At 6:51 pm -0500 15/11/2007, John C Klensin wrote:
Unfortunately, graylisting is one of those techniques that works
well as long as sufficiently few people use it that the spammers
and bot architects don't feel motivated to go to the extra work
to overcome it.
I don't believe it to be a simple problem for the spammers and bot
architects to solve. Not only do they need to start keeping track of
state, they need to keep track of a lot of state (the volume of
messages they are trying to send is huge), which requires a lot more
resources, and they need to manage CPU and network resources such
that they are available for them to retry later. To some extent they
also need to make sure the receiving end has enough resources to
accept their connections, some other spammer overloading a server
will prevent them from sending spam to it. I consider resource
management to be the fundamental problem for spammers, as the bulk of
the is spam coming from bots using hijacked resources. They don't
have total control over those resources (eg: user can switch of the
machine, dynamic IP can change), and most importantly if they were
able to hijack those resources, someone else can. The later turns
this in to a Tragedy of the Commons type problem for the spammers.
My guess is that we have passed at least the
first version of that point: I'm seeing a rapidy increasing
number of spam messages arriving in a one-two sequence from the
same putative source. First one message is sent, then a second
is sent a few minutes later. That doesn't even require that the
bot maintain state, although graylisting that actually keeps
track of message headers or signatures will.

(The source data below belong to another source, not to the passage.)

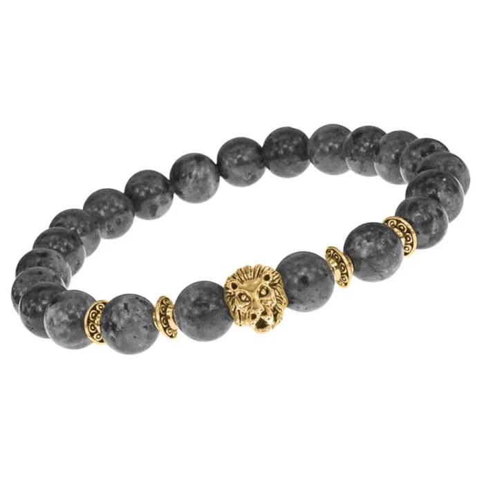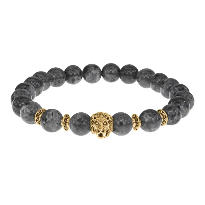 Стрейч-браслет с амулетом в виде льва и бусинами из натурального камня лабрадор.
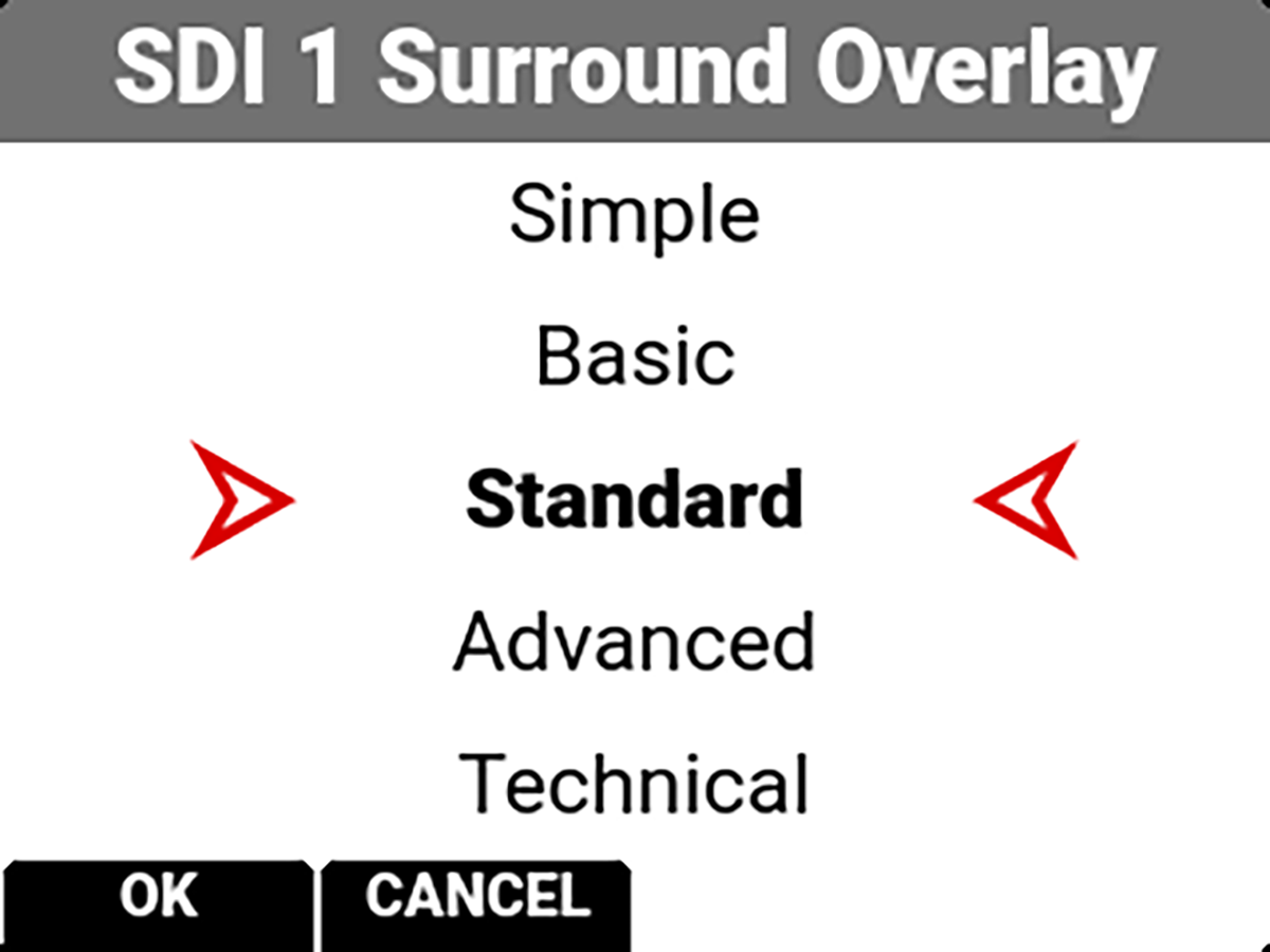 Use SDI Surround Overlay to select the overlay surround type you want to use for the SDI display. You can select one of the following SDI port overlay modes:
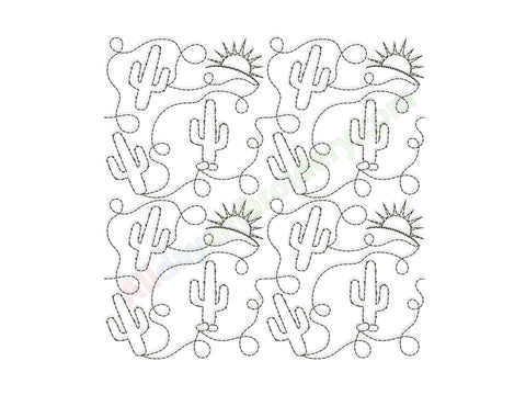 Desert Cactus quilting embroidery design. Ideal for edge-to-edge (E2E) machine quilting or individual quilting blocks.
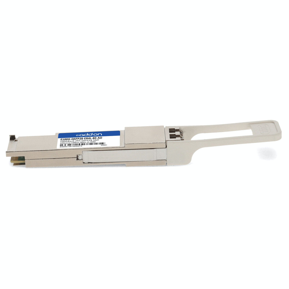 This Brocade® (Formerly) E100G-QSFP28-ER4L-80 compatible QSFP28 transceiver provides 100GBase-ZR4 throughput up to 80km over single-mode fiber (SMF) using a wavelength of 1295nm to 1309nm via an LC connector. It is guaranteed to be 100% compatible with the equivalent Brocade® (Formerly) transceiver. This easy to install, hot swappable transceiver has been programmed, uniquely serialized and data-traffic and application tested to ensure that it will initialize and perform identically. Digital optical monitoring (DOM) support is also present to allow access to real-time operating parameters. This transceiver is Trade Agreements Act (TAA) compliant. We stand behind the quality of our products and proudly offer a limited lifetime warranty.

I'm using a graylisting delay of 25 minutes. Tens of thousands of
bots keeping sufficient state for more than 25 minutes, and then
coordinating things such that they can get through to my server on
the 24 connections allocated to them, would require quite a radical
change in behavior.
Of the ~150,000 unique IPs that have connected to my server in the
last two weeks, just over 70% of them only connected once.
This brings us back to the point I tried to make to Hector:
making these folks smarter may be unwise, especially when doing
so consumes more resources on our and and, with botnets, they
have essentially unlimited resources for which the costs to them
I consider spammers to have the kind of selfish mentality that could
never avoid being trapped by a Tragedy of the Commons. I can't see
spammers not fighting over bots, not hogging all the resources on
hijacked machines, and not hogging resources on receiving servers.
So, since you are graylisting already, by all means enjoy the
advantages as long as they last. But, given what I think we are
seeing already, don't expect them to last for a long time. And
don't ask that we change the standards to make them more
friendly to anti-spam techniques that can reasonably expected to
have a relatively short lifespan.
I definitely don't think the standards should change, I'm quite happy
with the current recommendation of 30 minutes to retry.